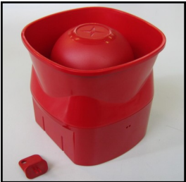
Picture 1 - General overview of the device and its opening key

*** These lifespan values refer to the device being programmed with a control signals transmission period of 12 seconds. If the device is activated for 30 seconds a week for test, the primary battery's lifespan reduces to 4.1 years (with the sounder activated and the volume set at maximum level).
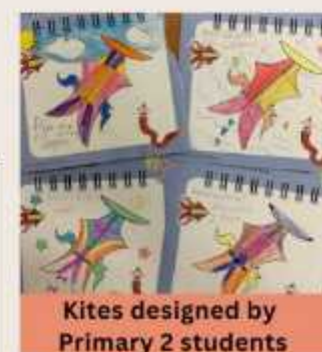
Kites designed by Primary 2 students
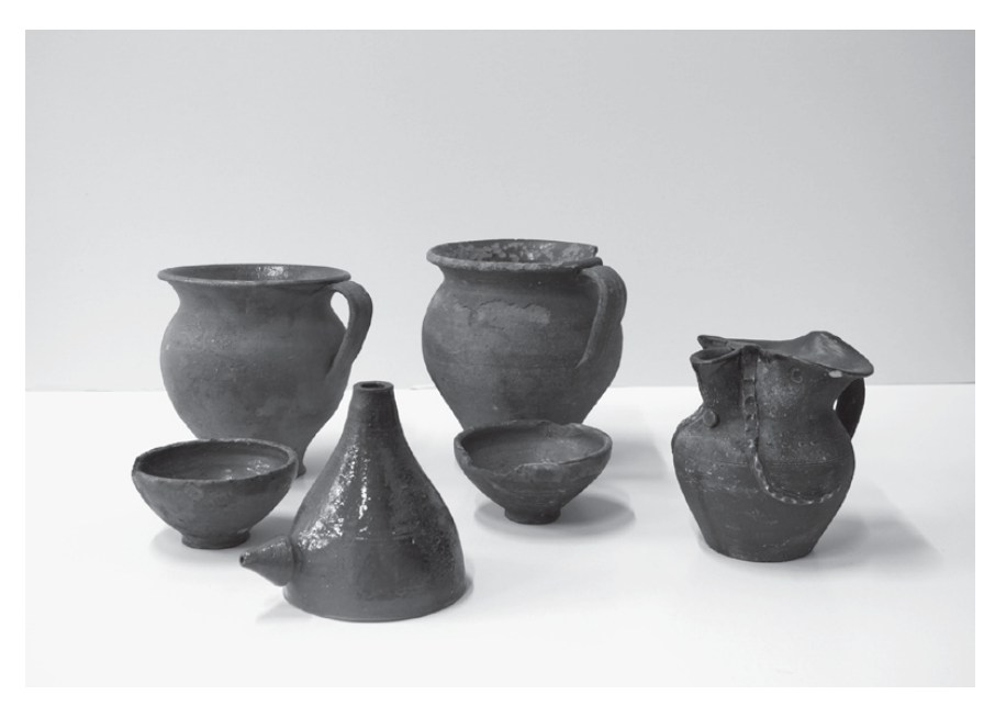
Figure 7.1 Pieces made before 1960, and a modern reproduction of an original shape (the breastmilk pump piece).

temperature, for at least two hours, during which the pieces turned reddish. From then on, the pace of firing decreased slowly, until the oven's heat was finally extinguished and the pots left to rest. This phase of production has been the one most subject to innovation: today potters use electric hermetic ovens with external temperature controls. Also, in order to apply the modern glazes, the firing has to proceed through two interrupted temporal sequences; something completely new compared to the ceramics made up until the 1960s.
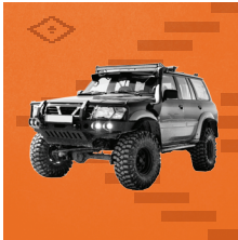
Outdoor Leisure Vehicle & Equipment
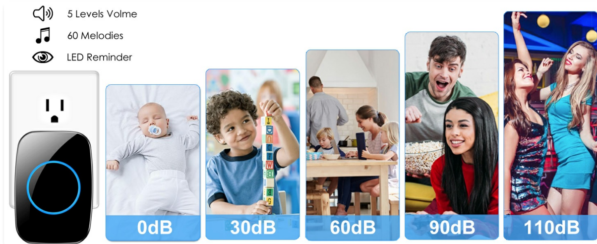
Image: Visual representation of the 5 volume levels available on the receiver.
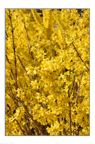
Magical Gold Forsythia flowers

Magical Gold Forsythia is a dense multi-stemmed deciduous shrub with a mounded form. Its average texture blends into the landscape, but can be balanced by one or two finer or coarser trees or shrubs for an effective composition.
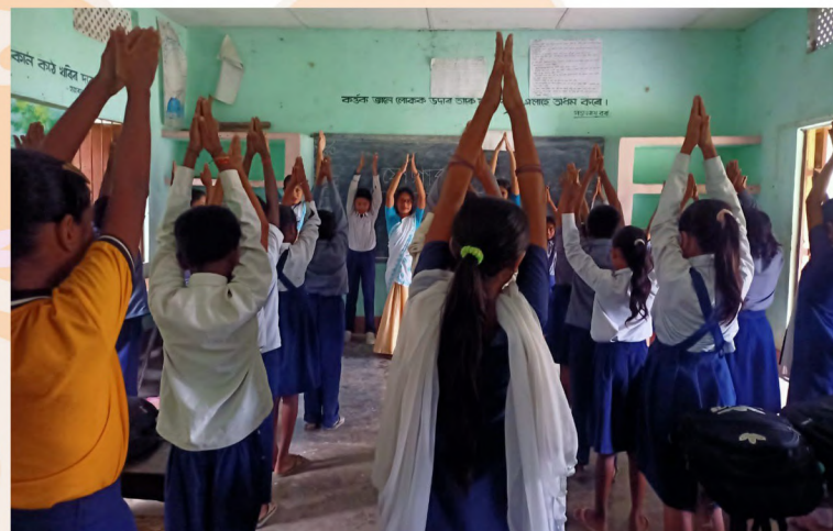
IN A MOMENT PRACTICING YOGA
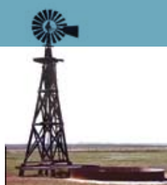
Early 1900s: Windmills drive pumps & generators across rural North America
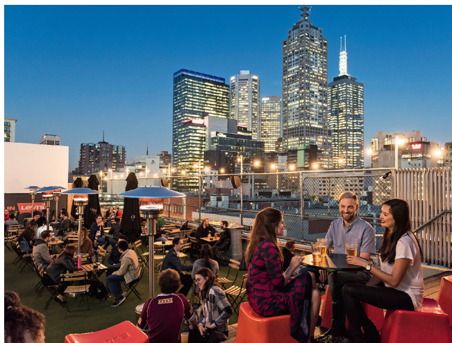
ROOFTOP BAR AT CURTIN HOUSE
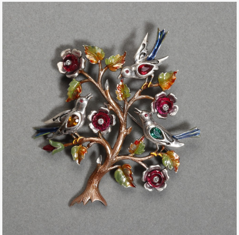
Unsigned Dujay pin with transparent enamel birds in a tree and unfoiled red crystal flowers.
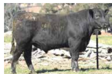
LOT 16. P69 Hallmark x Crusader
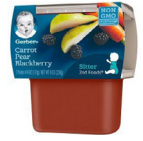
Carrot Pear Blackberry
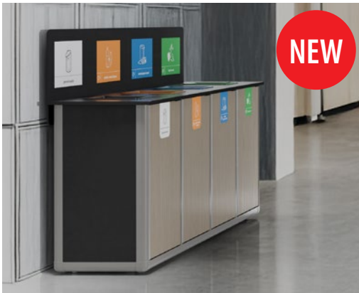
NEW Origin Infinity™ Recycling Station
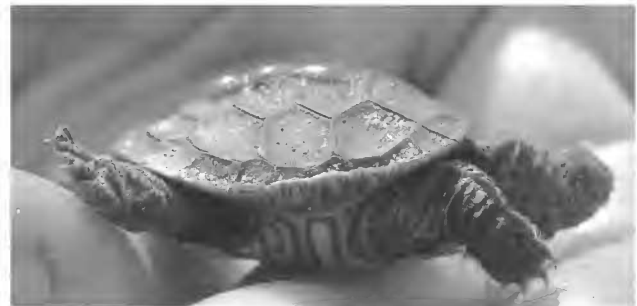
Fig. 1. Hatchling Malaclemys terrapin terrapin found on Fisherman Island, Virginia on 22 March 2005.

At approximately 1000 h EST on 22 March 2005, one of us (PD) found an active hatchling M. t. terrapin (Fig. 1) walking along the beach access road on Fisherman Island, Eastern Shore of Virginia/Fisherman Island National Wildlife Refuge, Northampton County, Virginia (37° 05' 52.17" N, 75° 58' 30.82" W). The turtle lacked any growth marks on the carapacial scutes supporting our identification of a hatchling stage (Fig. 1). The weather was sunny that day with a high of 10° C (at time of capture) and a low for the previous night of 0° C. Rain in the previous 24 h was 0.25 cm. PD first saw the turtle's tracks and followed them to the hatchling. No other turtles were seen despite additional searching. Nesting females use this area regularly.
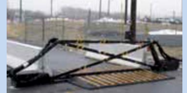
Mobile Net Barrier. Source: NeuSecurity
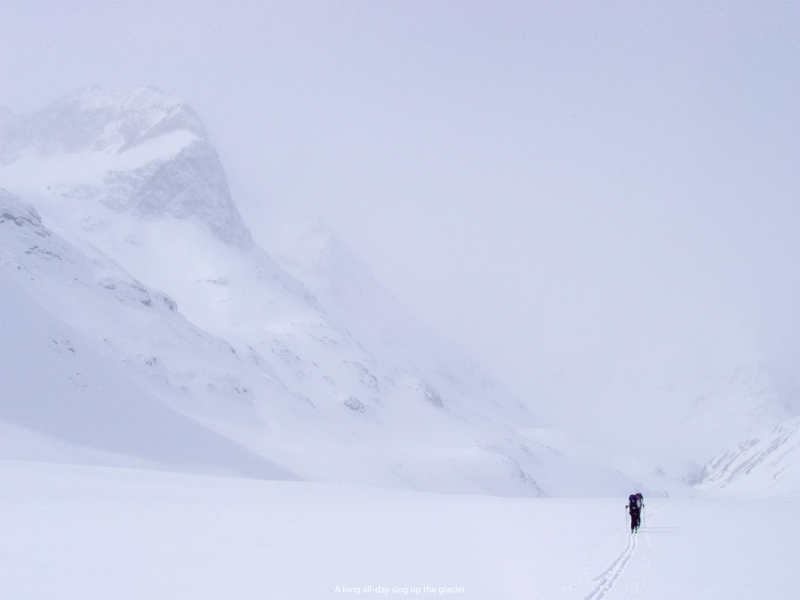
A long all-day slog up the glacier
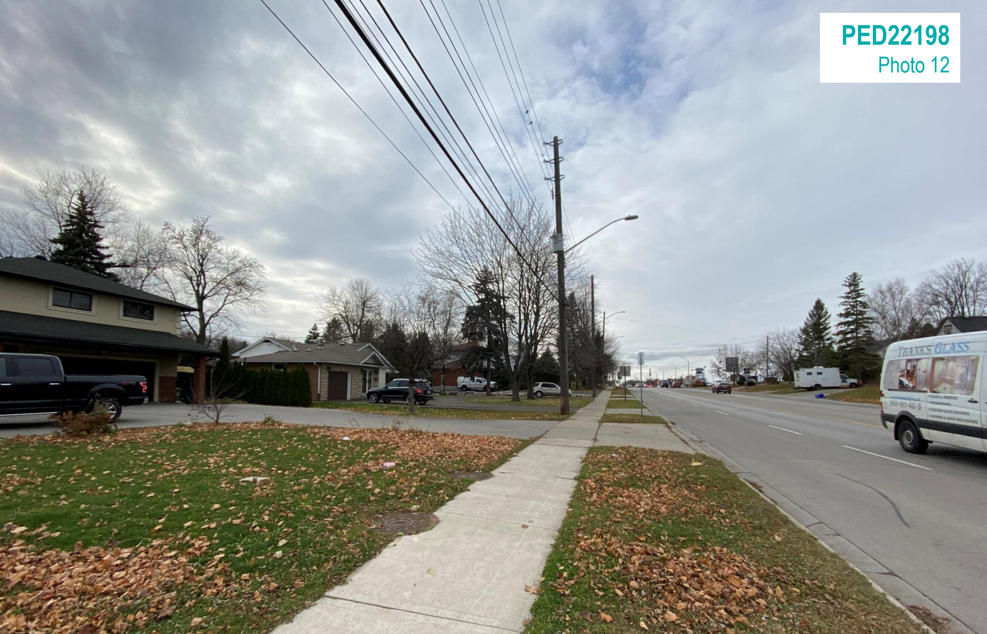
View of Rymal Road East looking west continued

______________________________

Copy exactly the lines of the listing above between the one holding "Carrot Pear Blackberry" and the one holding "Fig. 1. Hatchling", inclusive; omit all pictures.

▸ Answer space
Carrot Pear Blackberry
NEW Origin Infinity™ Recycling Station
Fig. 1. Hatchling Malaclemys terrapin terrapin found on Fisherman Island, Virginia on 22 March 2005.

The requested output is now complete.